Profession

Managing Associate, Orrick, Herrington & Sutcliffe, October 2012 to present. Cybersecurity & Data Privacy cross-practice group; White Collar and Appellate practice groups.

Government Attorney, U.S. Government, October 2011 to October 2012.

Associate, Ramsey & Ehrlich, Berkeley, California, July 2010 to September 2011.  At Ramsey & Ehrlich I was a criminal and civil defense attorney engaged in all aspects of client representation, including discovery, motion drafting, interviews, and negotiations with the government. I specialize in criminal and civil defense of matters related to health care fraud, including off-label marketing, false statements in advertising, and the Anti-Kickback Statute; financial fraud, including the False Claims Act, the Foreign Corrupt Practices Act, and the Bank Secrecy Act, including money laundering; false statements, alteration of records, and obstruction of justice; and major crimes including armed robbery and involuntary manslaughter.  Before working at Ramsey & Ehrlich, I was an associate in the Government Enforcement Practice Group of Ropes & Gray.  I graduated from Columbia Law School in 2007, where I was Editor in Chief of the Columbia Human Rights Law Review, President of the Columbia chapter of the American Constitution Society, and a Stone Scholar.

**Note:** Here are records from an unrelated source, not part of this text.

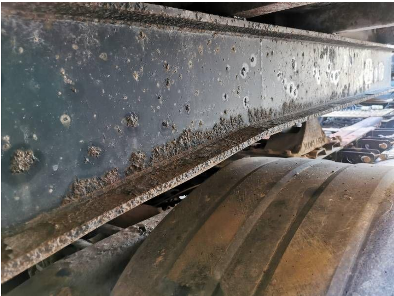
Fot. nr 79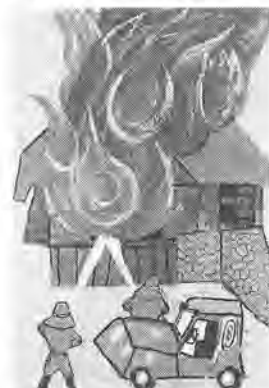
鍋田匡伴君の作品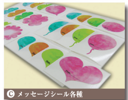
C メッセージシール各種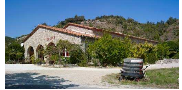
fig. 276 – Ancienne cave coopérative de Massac transformée en gîte rural (11, R. Villeneuve ?, 1951).

une pour la cuisine, une pour la salle à manger, la troisième pour le salon, les chambres étant disposées au-dessus (fig. 276). À Espérasa (11) ou Caveirac (30), des logements ont été construits pour la location, nécessitant comme à Massac le percement de fenêtres dans les murs latéraux. À Sommières (30), l'ancienne cave coopérative a été l'objet d'un projet ambitieux pour installer un ensemble de commerces (assurance, banque, fleuriste, boulanger) et de professions libérales (médecin, orthophoniste, infirmière, comptable...). La valeur architecturale du bâtiment se prête aussi à des activités ayant une dimension artistique ou artisanale : exposition et atelier d'art à Alénja (66), édition et imprimerie d'art (Encre et Lumière) à Cannes-et-Clairan (30), exposition et ventes de livres à Montolieu (11) où les cuves ont été transformées de manière originale en bibliothèque.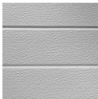
Los paneles 440U y 450U están producidos en un diseño de microsurcos con relieve similar al de estuco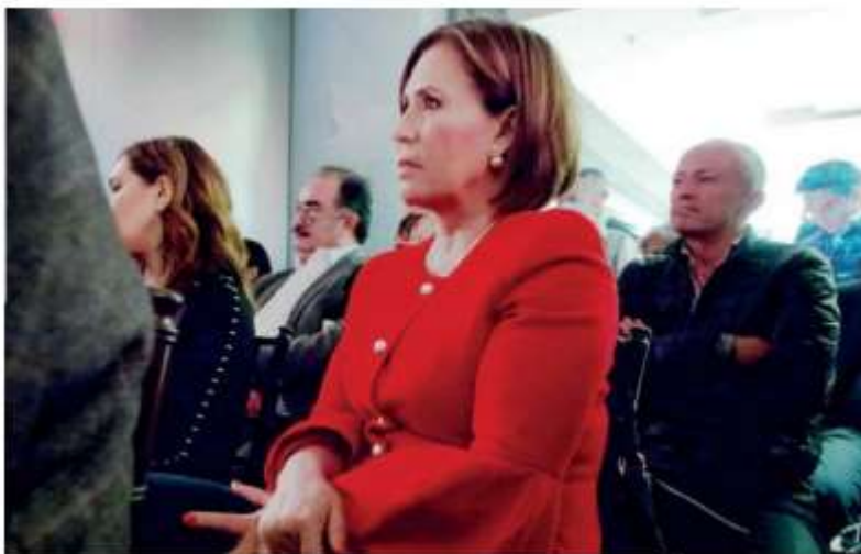
Rosario Robles está relacionada con la llamada "Estafa Maestra".

Member, Leadership Council, Volunteer Legal Services Program of the San Francisco Bar Association, 2010 to present.  Since 1977, VLSP has been providing civil legal counsel to low-income individuals in San Francisco.  Initiatives include the Family Law Project, the Homeless Advocacy Project, the Consumer Debt Defense and Education, the Eviction Prevention Project, and the Community Organization Representation Project.  Due to the VLSP’s efforts, the Northern District of California is one of the few federal courts to provide advice and counsel to pro se federal litigants.  Last year, VLSP staff and 1,800 VLSP volunteers served nearly 8,000 clients.

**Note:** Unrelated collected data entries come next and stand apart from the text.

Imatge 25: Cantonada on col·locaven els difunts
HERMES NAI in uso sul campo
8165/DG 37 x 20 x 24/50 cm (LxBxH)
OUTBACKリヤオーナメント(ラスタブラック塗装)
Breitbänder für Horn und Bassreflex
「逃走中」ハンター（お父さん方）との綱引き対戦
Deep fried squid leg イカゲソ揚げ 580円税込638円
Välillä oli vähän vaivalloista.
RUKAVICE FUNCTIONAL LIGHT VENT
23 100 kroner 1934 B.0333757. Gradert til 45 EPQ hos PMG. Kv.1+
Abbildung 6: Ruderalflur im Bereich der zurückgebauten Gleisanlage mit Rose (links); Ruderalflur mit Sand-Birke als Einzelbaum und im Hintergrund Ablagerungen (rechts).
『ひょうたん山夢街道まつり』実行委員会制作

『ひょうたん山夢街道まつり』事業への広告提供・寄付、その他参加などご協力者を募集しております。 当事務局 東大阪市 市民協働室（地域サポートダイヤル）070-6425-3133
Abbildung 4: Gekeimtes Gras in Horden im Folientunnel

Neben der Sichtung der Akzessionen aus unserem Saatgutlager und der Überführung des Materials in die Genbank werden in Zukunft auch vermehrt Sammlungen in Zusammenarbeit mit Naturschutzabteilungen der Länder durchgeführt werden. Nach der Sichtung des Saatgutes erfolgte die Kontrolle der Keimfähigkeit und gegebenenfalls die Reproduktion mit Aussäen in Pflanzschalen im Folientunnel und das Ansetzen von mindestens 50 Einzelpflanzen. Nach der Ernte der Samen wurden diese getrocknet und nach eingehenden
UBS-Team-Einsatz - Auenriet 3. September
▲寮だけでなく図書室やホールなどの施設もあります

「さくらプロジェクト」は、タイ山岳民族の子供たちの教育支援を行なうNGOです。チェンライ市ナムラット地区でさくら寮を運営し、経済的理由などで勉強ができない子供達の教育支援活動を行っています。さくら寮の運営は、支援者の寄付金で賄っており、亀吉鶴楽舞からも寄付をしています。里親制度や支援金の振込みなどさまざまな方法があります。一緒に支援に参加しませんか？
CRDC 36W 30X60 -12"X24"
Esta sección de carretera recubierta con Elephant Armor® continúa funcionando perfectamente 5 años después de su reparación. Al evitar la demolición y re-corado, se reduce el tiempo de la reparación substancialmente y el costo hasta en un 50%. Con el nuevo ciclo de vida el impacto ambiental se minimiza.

Member, Standing Committee on the Delivery of Legal Services of the California Bar Association, September 2011 to September 2014 (three-year appointed term).  The Standing Committee on the Delivery of Legal Services (SCDLS) is a 20-member advisory committee that:

  • identifies, develops, and supports improvements in the delivery of legal services (civil and criminal) to low-and moderate-income individuals in California.
  • serves as a resource to the Board of Governors on legal services issues and relevant legislation.
  • develops and presents educational programs and materials to improve the delivery of legal services.
  • maintains liaison relationships with other State Bar entities, such as the California Commission on Access to Justice and external entities such as the Legal Aid Association of California.
  • works to encourage pro bono participation in California.

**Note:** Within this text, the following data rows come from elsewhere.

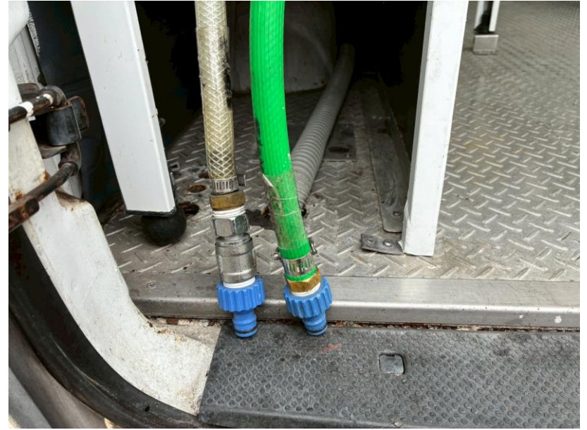
給水口 + 直結ホース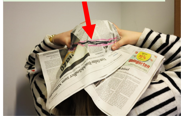
Die Markierung mit dem Filzstift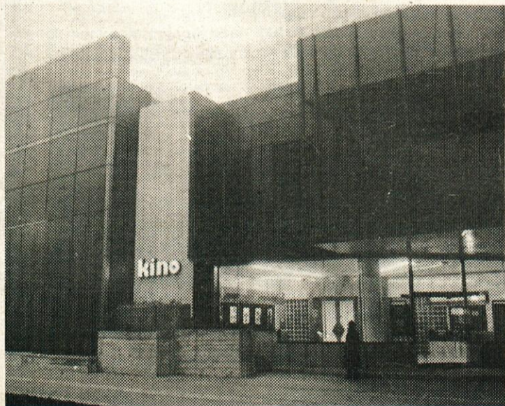
Nova pridobitev — kinodvorana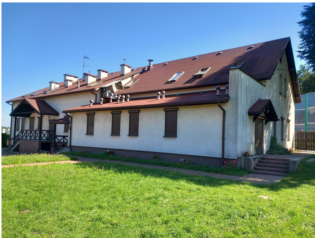
Zdjęcie nr 1. Elewacja zachodnia oraz ściana szczytowa do remontu/malowania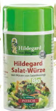
Muskát (Myristica fragrans)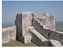
В крепости Берат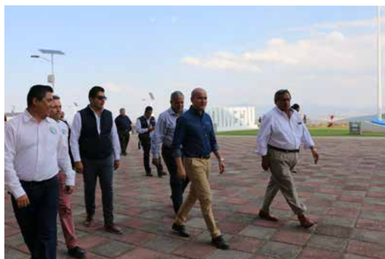
Visita del gobernador y el secretario de Educación.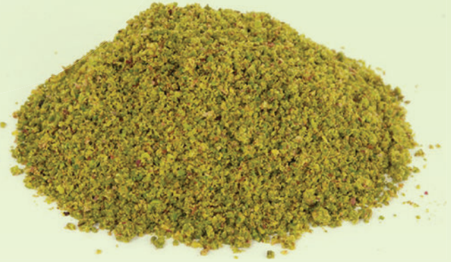
Antep Boz Toz Fıstık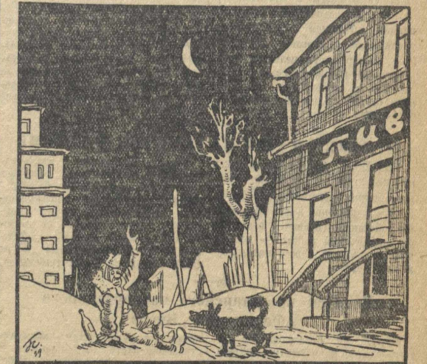
— Меня?.. Уволили за прогул! Такие работники, как я, на дороге не валяются...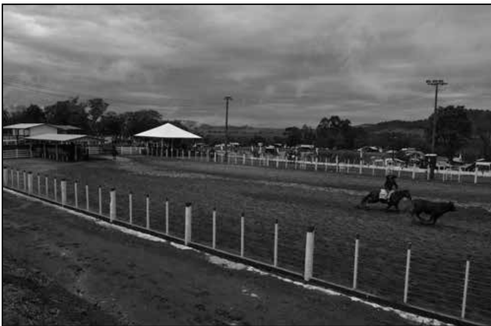
Mais de 100 equipes de laçadores participaram do rodeio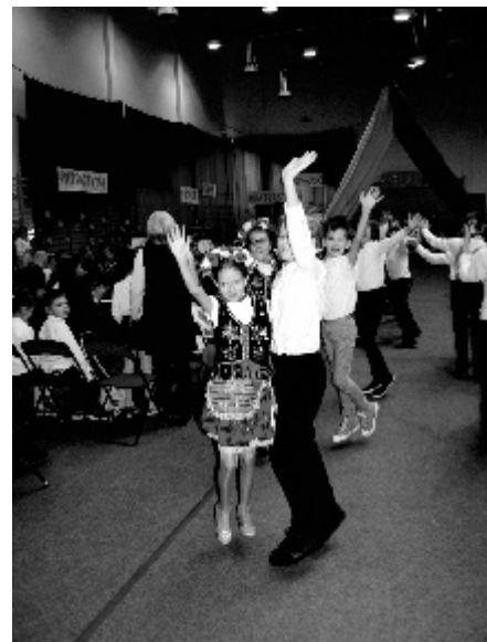
Uczniowie zatańczyli poloneza i krakowiaka.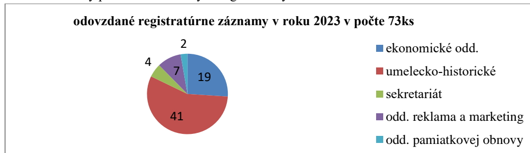
Graf č.1: Ročný prehľad odovzdaných registratúrnych záznamov v MSA

SCDLS supported the rollout of the first grants associated with the Sargent Shriver Civil Counsel Act, a pioneering law regarding the right to civil legal counsel in matters from child custody to eviction and foreclosure.

Admitted to practice law in Massachusetts (2007) and California (2009).  Admitted to practice in all courts of Massachusetts and California and in the Northern and Central Districts of California, the Ninth Circuit Court of Appeals, and the Supreme Court of the United States.

English Literature Academic.  Prior to my legal career, I earned a Ph.D. in English literature with honors from the University of Washington (1995), specializing in British Romantic poetry.  I wrote a dissertation about the idea of sacrifice in the longer poems of William Blake.  After teaching at the UW throughout my graduate school years, I spent an additional year teaching upper-division literature at the U, then spent a year teaching and doing research in France and two years teaching college back in the States.  By that time, I had discovered my missed calling, and two years of high-school teaching and two years of civil-rights-related volunteering later, I was once again a student, this time at Columbia Law School in the City of New York. My work on Blake and Wordsworth has been cited repeatedly in academic literary criticism and included in key bibliographies in the years since.